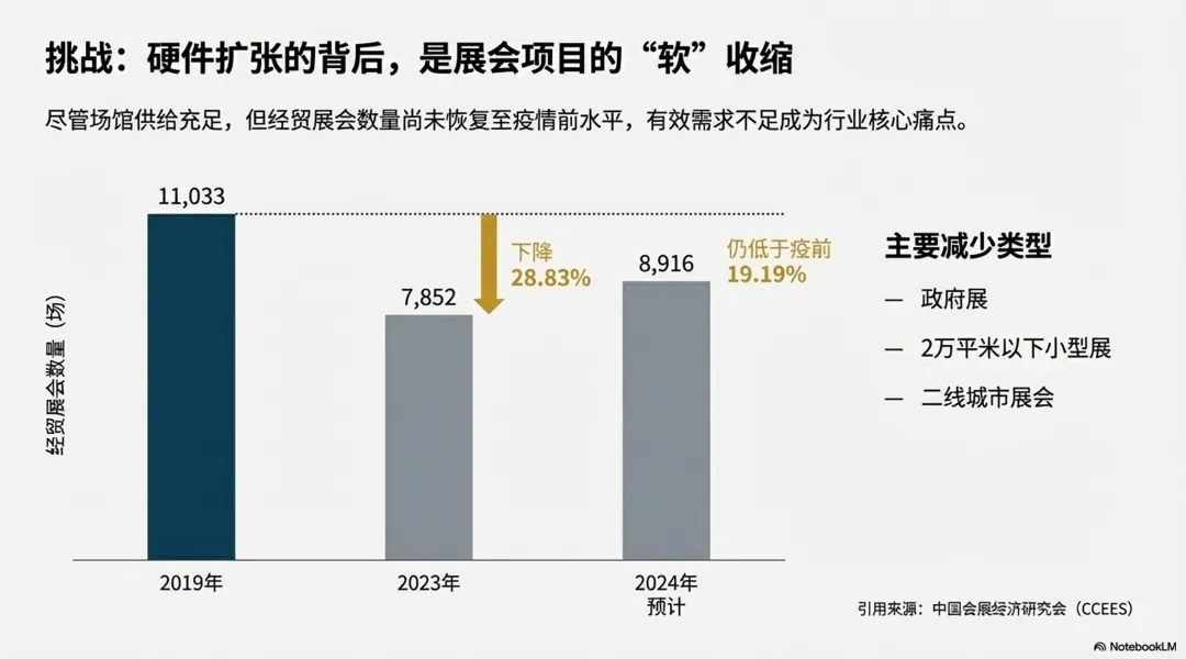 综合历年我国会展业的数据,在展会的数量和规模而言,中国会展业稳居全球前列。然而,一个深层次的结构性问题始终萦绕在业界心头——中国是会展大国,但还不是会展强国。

==================================================

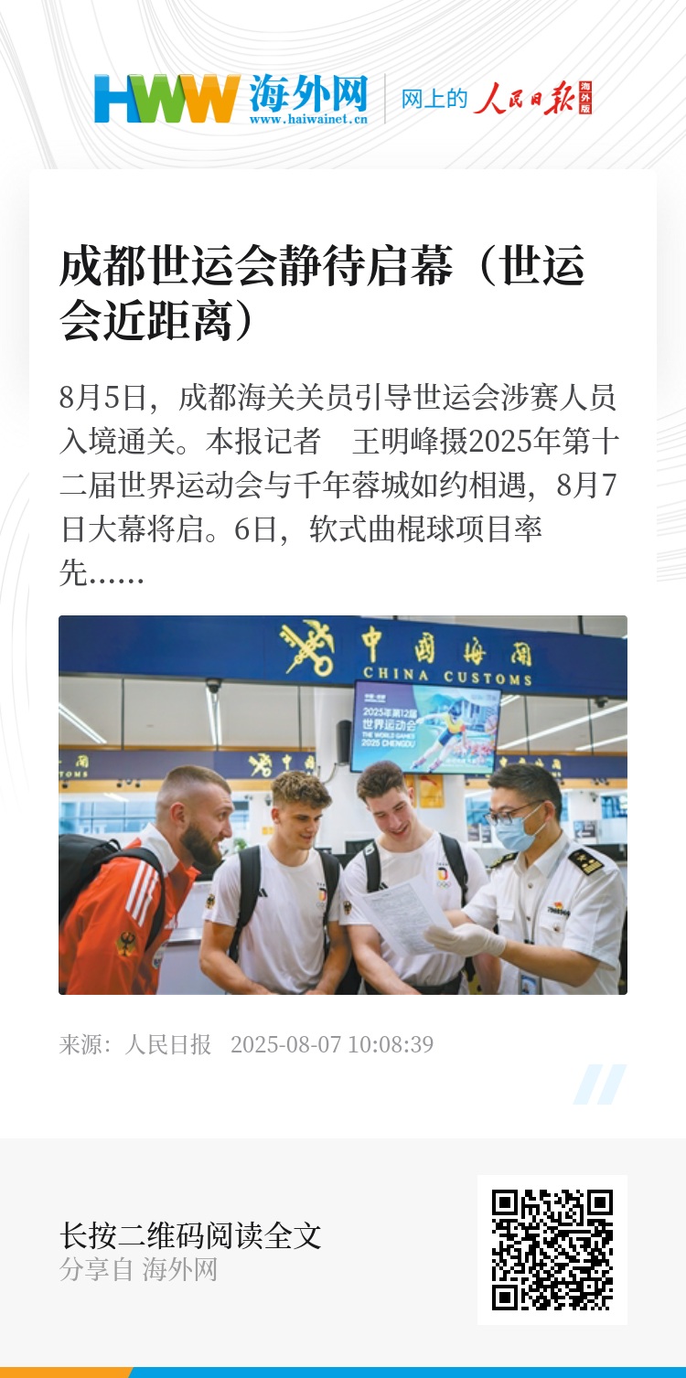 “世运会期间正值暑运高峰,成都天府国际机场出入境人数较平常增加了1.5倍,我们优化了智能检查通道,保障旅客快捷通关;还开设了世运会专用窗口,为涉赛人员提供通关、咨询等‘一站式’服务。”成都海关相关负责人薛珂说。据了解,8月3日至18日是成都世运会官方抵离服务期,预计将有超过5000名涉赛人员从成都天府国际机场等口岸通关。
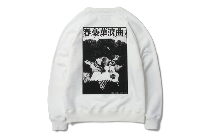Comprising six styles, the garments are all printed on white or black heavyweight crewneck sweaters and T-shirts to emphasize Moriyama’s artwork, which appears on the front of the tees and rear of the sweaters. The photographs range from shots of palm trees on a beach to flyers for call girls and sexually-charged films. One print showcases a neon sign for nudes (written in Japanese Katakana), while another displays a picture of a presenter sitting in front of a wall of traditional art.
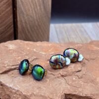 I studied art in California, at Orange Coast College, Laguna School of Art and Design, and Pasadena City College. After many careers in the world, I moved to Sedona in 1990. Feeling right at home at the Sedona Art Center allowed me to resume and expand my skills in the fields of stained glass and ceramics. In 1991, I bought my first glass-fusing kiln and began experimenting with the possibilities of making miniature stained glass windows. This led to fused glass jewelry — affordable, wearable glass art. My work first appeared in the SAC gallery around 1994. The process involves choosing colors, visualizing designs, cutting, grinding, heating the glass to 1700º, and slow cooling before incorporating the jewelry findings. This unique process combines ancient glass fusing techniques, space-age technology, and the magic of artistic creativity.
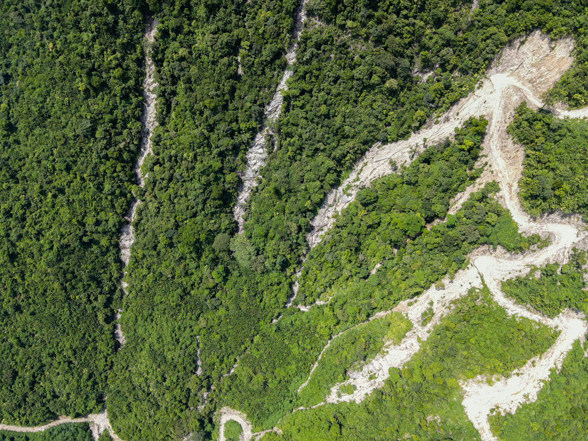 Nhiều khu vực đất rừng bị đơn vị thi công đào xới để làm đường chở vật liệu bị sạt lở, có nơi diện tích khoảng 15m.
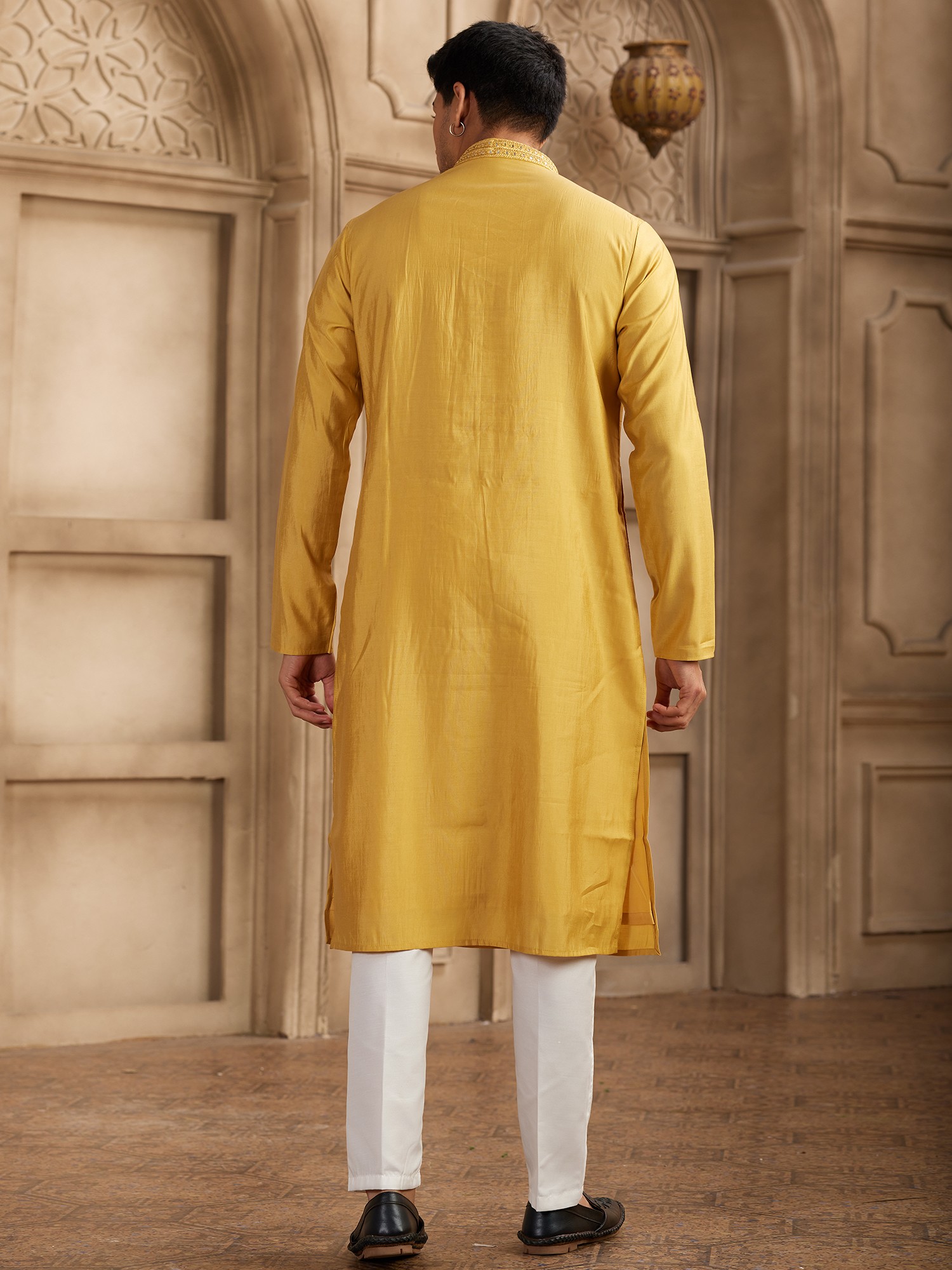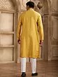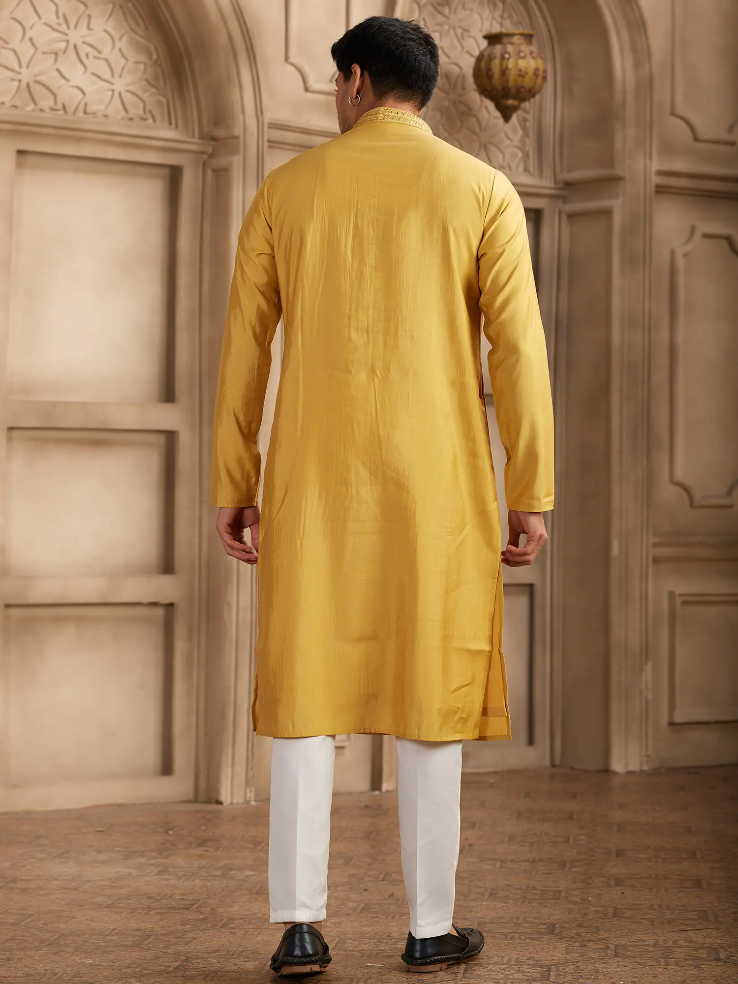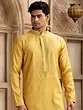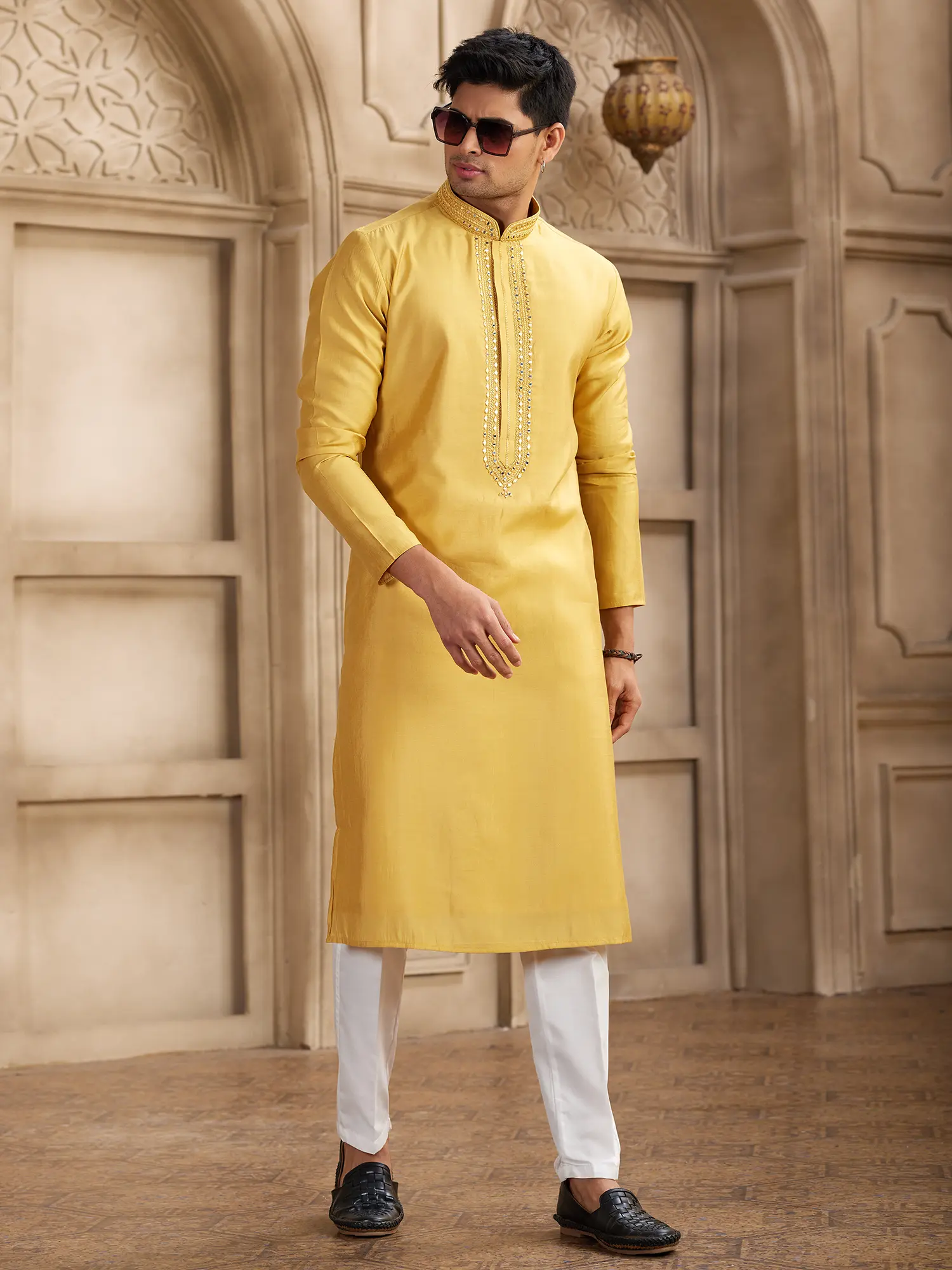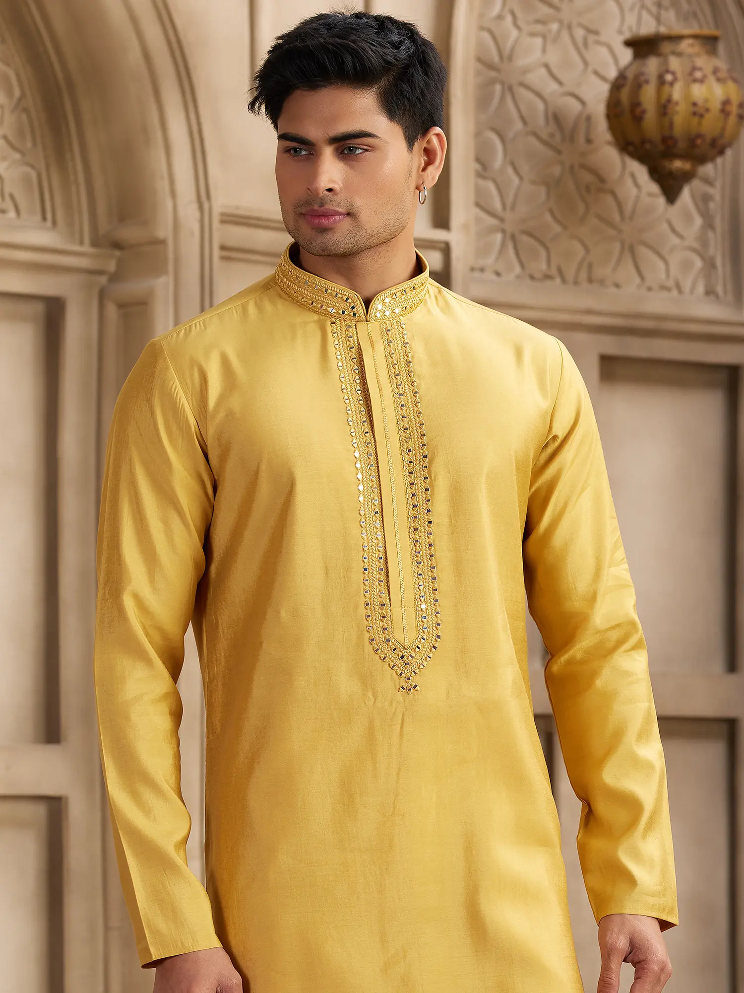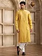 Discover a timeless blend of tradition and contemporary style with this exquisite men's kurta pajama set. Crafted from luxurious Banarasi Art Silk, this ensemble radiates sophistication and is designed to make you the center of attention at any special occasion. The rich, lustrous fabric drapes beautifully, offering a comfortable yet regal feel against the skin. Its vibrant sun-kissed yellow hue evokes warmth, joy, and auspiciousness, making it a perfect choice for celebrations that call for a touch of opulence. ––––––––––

==================================================

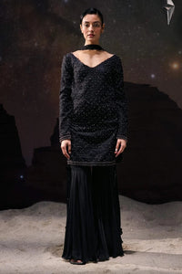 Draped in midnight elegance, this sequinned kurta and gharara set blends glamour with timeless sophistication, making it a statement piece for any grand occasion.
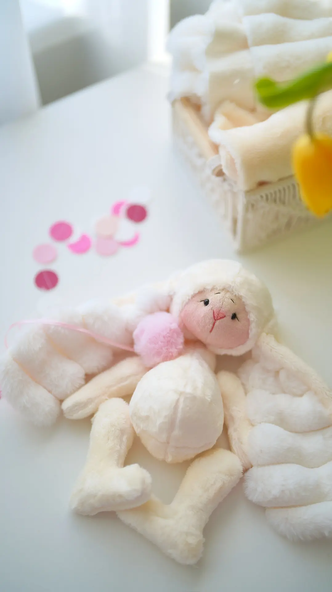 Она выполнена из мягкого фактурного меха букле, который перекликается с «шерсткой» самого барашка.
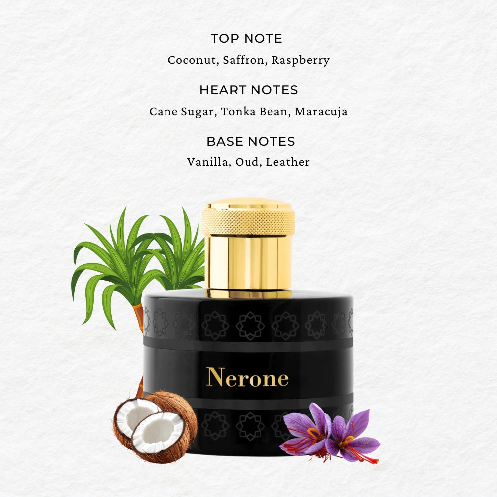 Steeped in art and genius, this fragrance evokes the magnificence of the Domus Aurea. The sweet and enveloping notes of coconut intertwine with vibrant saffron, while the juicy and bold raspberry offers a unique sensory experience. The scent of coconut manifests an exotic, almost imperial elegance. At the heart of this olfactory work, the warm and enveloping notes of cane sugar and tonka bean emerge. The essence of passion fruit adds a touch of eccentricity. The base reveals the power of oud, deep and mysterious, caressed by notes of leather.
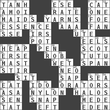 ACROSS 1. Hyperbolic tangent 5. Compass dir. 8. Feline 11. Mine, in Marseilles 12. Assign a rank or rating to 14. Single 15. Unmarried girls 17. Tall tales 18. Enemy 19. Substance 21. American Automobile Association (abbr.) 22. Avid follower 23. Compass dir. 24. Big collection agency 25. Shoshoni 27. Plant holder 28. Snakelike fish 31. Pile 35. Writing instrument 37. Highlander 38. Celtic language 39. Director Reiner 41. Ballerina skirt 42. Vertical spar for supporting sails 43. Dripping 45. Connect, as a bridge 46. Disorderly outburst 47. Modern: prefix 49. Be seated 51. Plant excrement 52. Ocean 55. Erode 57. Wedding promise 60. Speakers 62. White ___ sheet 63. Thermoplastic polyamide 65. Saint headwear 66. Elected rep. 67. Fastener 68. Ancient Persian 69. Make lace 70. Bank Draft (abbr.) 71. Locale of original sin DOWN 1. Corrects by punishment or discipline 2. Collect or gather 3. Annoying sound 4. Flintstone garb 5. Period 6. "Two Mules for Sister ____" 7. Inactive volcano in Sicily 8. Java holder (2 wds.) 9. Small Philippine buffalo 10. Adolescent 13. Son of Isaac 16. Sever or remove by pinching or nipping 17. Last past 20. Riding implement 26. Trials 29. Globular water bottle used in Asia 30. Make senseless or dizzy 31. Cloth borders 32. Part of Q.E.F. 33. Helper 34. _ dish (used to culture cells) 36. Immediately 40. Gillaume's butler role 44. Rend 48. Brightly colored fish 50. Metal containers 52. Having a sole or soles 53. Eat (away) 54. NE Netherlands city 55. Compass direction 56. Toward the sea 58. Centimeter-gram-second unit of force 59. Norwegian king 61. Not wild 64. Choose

==================================================

**Goal of the exercise**
Return the stretch of data that begins with the line showing "Она выполнена из" and goes on through the line showing "Steeped in art", exactly, with pictures removed.

**Result of the exercise**
 Она выполнена из мягкого фактурного меха букле, который перекликается с «шерсткой» самого барашка.
 Steeped in art and genius, this fragrance evokes the magnificence of the Domus Aurea. The sweet and enveloping notes of coconut intertwine with vibrant saffron, while the juicy and bold raspberry offers a unique sensory experience. The scent of coconut manifests an exotic, almost imperial elegance. At the heart of this olfactory work, the warm and enveloping notes of cane sugar and tonka bean emerge. The essence of passion fruit adds a touch of eccentricity. The base reveals the power of oud, deep and mysterious, caressed by notes of leather.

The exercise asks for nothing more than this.